WORK REQUIRED → Nothing should appear in the answer except the lines below from the line containing "Cette super mignonne" through the line containing "16拿出黄色彩纸,往如图箭头所指的线往上折。", copied exactly, with pictures left out.

[Collected data]
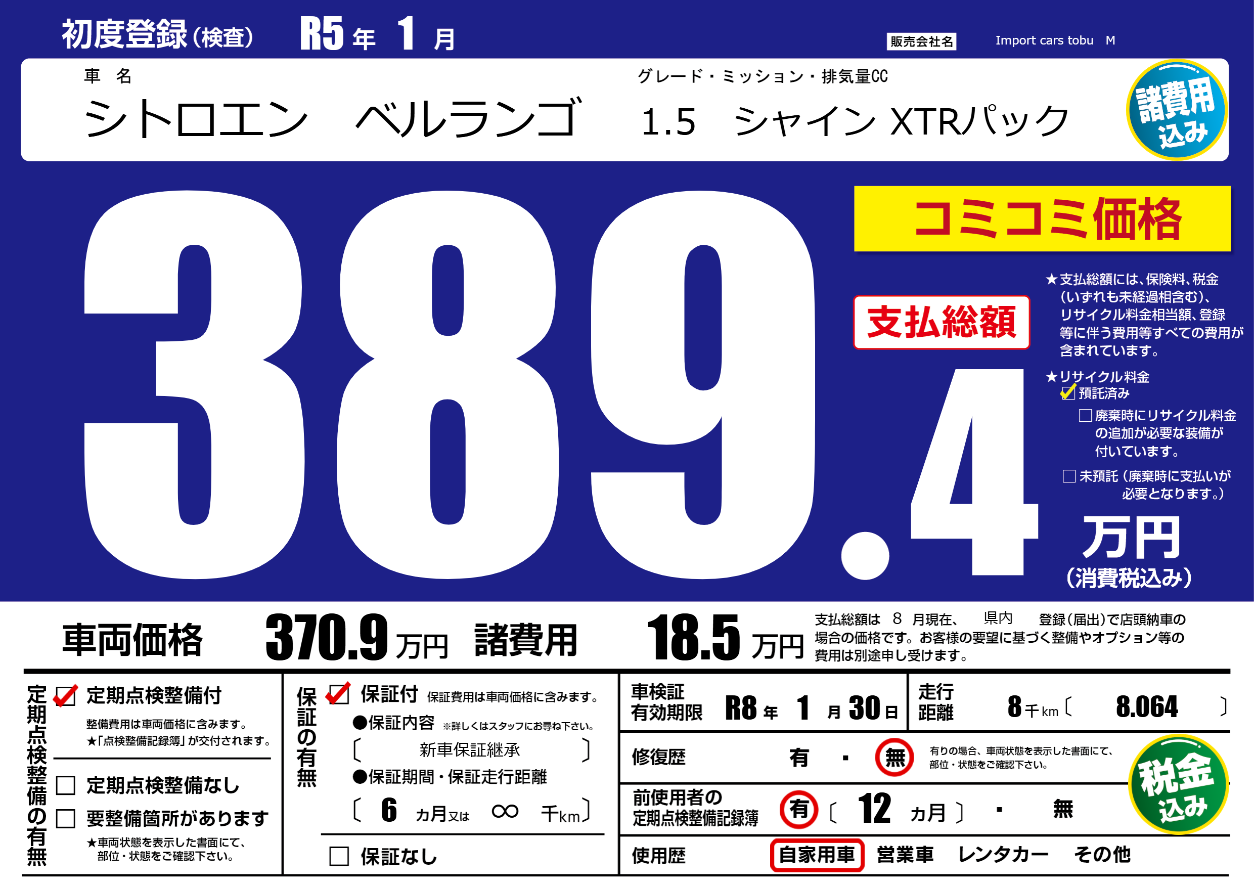 なし | 車検制限 | R8年1月30月 |
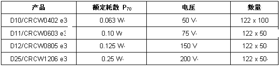 本次發布的4款設計套件采用E96係列阻值標準,範圍從10Ω到1MΩ(每檔間隔4個阻值),同時額外包含一個0Ω跳線,每款套件總共包含122種不同的阻值。電阻的容差為±1%,TCR為±100ppm/K,功率耗散為0.063W~0.25W,電阻芯電壓為50V~200V。
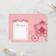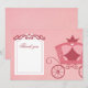 Cette super mignonne fille merci carte à plat a un thème princesse. Dans l'arrière - plan, il y a un arrière - plan à rayures roses avec un chariot rose sur le côté droit. Sur le côté gauche, il y a un espace blanc pour que vous écrivez à la main dans votre message de remerciement à la maison, ou customisez-le avec votre propre texte à imprimer. © 2012 Jessica Weible/JW Illustrations
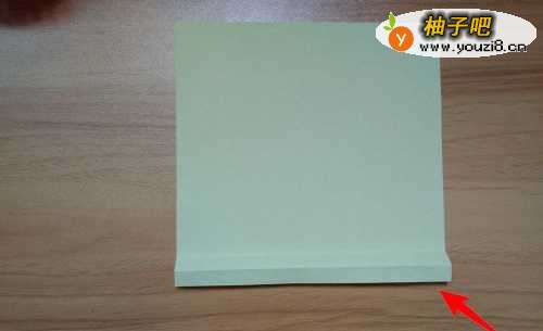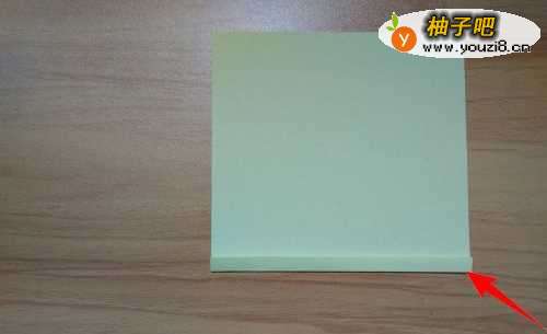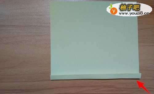 16拿出黄色彩纸,往如图箭头所指的线往上折。
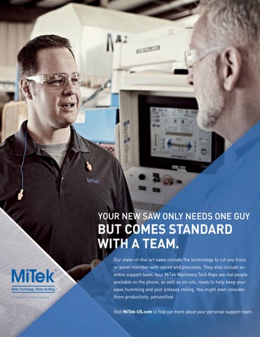 Our state-of-the-art saws include the technology to cut any truss or panel member with speed and precision. They also include an entire support team. Your MiTek Machinery Tech Reps are real people available on the phone, as well as on-site, ready to help keep your saws humming and your presses rolling. You might even consider Š 2016 MiTek, All Rights Reserved.
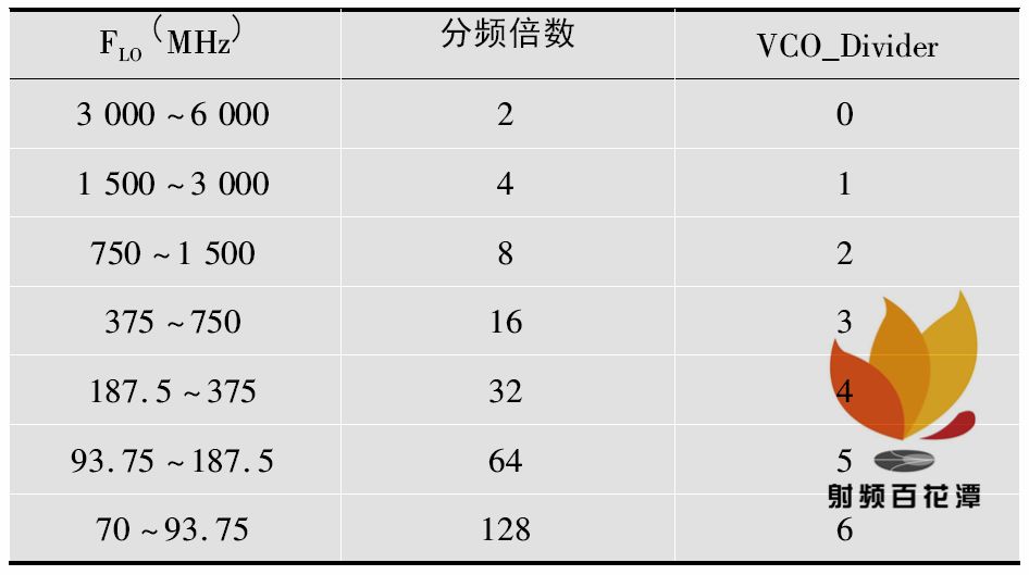 表1 發(fā)射頻率FLO與鎖相環(huán)分頻VCO_Divider 的對(duì)應(yīng)關(guān)系
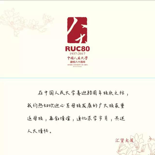 喜迎校庆,推出“客厨RUC”系列活动。在中国人民大学建校八十周年之际,隆重推出“客厨RUC”系列活动,后勤集团总经理宋大我亲自担任总策划,活动邀请全国各菜系、特色美食的餐饮界精英来校交流,共同创新校园美食文化。
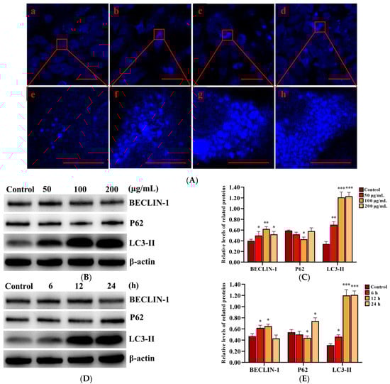 Effect of SNPs on the activation of autophagy in PLCs. (A) Fluorescence images of MDC staining. PLCs were exposed to 0, 50, 100, and 200 µg/mL SNPs for 12 h. Scale bar: 50 µm (Aa–d) and 10 µm (Ae–h). (B) Western bolt analysis of BECLIN-1, P62, and LC3-II levels. PLCs were exposed to 0, 50, 100, and 200 µg/mL SNPs for 12 h. (C) Quantification of the band intensity in B is presented as the relative ratio of target proteins to β-actin. (D) Western bolt analysis of BECLIN-1, P62, and LC3-II levels. PLCs were exposed to 100 µg/mL SNPs for 0, 6, 12, and 24 h. (E) Quantification of the band intensity in D is presented as the relative ratio of target proteins to β-actin. Data are presented as the mean ± SEM of three independent experiments. * Statistically different from the control is marked with asterisks (* p < 0.05, ** p < 0.01, and *** p < 0.001).
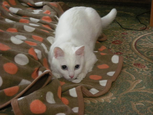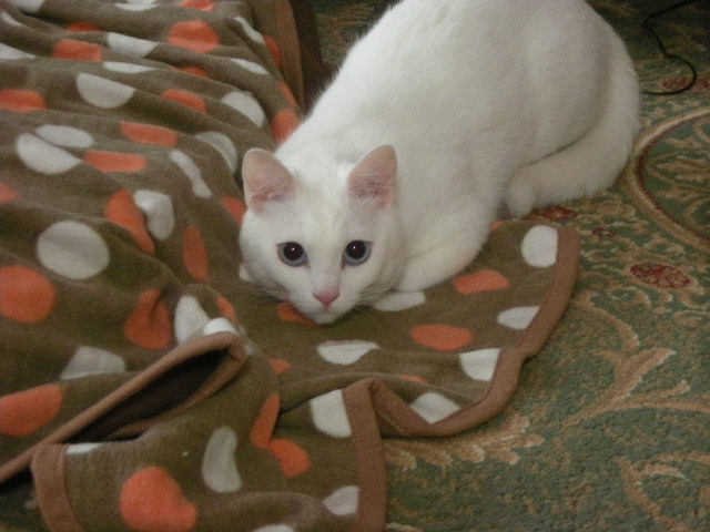 オークと兄妹。いつか白で碧眼の子をと願っていた娘が里親募集のサイトで見つけた子。うちに来たときには真っ白だったが、麿眉が発現。

RESPONSE →
 Cette super mignonne fille merci carte à plat a un thème princesse. Dans l'arrière - plan, il y a un arrière - plan à rayures roses avec un chariot rose sur le côté droit. Sur le côté gauche, il y a un espace blanc pour que vous écrivez à la main dans votre message de remerciement à la maison, ou customisez-le avec votre propre texte à imprimer. © 2012 Jessica Weible/JW Illustrations
 16拿出黄色彩纸,往如图箭头所指的线往上折。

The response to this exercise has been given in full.